Li Wei, Li Mengfan, Zhao Jing
Department of Computer and Electrical Engineering and Computer Science, California State University Bakersfield, CA, USA ; School of Electrical Engineering and Automation, Tianjin University Tianjin, China.
School of Electrical Engineering and Automation, Tianjin University Tianjin, China.
Front Syst Neurosci. 2015 Jan 9;8:247. doi: 10.3389/fnsys.2014.00247. eCollection 2014.

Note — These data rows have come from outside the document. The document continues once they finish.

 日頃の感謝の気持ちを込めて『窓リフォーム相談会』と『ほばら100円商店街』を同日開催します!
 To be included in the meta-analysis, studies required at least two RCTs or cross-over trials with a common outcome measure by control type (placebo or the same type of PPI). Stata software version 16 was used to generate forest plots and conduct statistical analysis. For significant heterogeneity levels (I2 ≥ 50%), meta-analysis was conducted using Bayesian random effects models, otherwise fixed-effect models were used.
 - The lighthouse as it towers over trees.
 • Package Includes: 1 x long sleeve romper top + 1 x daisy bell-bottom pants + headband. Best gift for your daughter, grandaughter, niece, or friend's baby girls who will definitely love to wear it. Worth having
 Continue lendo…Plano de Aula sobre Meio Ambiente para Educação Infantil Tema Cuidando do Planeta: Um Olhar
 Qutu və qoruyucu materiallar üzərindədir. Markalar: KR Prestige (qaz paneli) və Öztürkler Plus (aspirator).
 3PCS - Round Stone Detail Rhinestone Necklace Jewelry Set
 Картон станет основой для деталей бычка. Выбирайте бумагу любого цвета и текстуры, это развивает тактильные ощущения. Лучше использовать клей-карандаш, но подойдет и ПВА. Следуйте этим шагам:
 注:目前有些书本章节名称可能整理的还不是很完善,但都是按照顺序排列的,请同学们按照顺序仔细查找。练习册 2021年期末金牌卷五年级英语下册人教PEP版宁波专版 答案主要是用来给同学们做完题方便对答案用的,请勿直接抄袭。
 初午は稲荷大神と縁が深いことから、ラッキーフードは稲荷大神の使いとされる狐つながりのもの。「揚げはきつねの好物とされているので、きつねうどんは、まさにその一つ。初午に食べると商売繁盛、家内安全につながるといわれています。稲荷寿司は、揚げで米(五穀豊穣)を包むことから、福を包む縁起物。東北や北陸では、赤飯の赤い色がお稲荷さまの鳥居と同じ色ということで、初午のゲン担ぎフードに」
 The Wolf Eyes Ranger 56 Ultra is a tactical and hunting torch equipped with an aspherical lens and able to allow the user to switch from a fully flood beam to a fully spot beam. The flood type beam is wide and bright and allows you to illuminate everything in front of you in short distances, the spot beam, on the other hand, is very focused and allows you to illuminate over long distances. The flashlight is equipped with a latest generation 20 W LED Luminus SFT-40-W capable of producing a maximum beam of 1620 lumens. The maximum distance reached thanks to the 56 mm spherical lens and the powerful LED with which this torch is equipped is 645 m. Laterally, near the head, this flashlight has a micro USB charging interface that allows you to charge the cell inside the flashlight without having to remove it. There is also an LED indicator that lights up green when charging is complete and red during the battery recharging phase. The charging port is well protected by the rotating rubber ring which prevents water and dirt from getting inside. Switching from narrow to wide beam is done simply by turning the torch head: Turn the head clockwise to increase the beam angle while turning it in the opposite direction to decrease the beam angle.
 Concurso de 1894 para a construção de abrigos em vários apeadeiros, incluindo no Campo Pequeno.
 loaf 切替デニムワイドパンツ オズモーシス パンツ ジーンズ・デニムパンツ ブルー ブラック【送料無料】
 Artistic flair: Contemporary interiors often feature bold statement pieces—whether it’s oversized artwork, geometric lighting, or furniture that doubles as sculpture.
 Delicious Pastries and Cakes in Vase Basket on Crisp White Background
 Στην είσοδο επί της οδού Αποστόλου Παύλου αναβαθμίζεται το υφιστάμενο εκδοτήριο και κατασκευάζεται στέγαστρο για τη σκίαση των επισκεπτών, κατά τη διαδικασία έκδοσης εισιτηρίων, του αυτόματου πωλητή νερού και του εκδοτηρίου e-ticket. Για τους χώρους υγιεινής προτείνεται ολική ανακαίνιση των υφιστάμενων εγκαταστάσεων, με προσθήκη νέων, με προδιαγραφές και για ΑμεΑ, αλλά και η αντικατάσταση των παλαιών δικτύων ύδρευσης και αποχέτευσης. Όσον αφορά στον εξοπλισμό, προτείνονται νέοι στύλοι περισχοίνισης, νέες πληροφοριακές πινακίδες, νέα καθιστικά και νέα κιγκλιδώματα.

This paper investigates controlling humanoid robot behavior via motion-onset specific N200 potentials. In this study, N200 potentials are induced by moving a blue bar through robot images intuitively representing robot behaviors to be controlled with mind. We present the individual impact of each subject on N200 potentials and discuss how to deal with individuality to obtain a high accuracy. The study results document the off-line average accuracy of 93% for hitting targets across over five subjects, so we use this major component of the motion-onset visual evoked potential (mVEP) to code people's mental activities and to perform two types of on-line operation tasks: navigating a humanoid robot in an office environment with an obstacle and picking-up an object. We discuss the factors that affect the on-line control success rate and the total time for completing an on-line operation task.
本文研究通过运动起始特定的N200电位来控制人形机器人的行为。在本研究中,通过在直观代表要用思维控制的机器人行为的机器人图像上移动一条蓝色条带来诱发N200电位。我们展示了每个受试者对N200电位的个体影响,并讨论了如何处理个体差异以获得高精度。研究结果表明,超过五名受试者击中目标的离线平均准确率为93%,因此我们使用运动起始视觉诱发电位(mVEP)的这一主要成分来编码人们的心理活动,并执行两种在线操作任务:在有障碍物的办公室环境中导航人形机器人以及拾取物体。我们讨论了影响在线控制成功率和完成在线操作任务总时间的因素。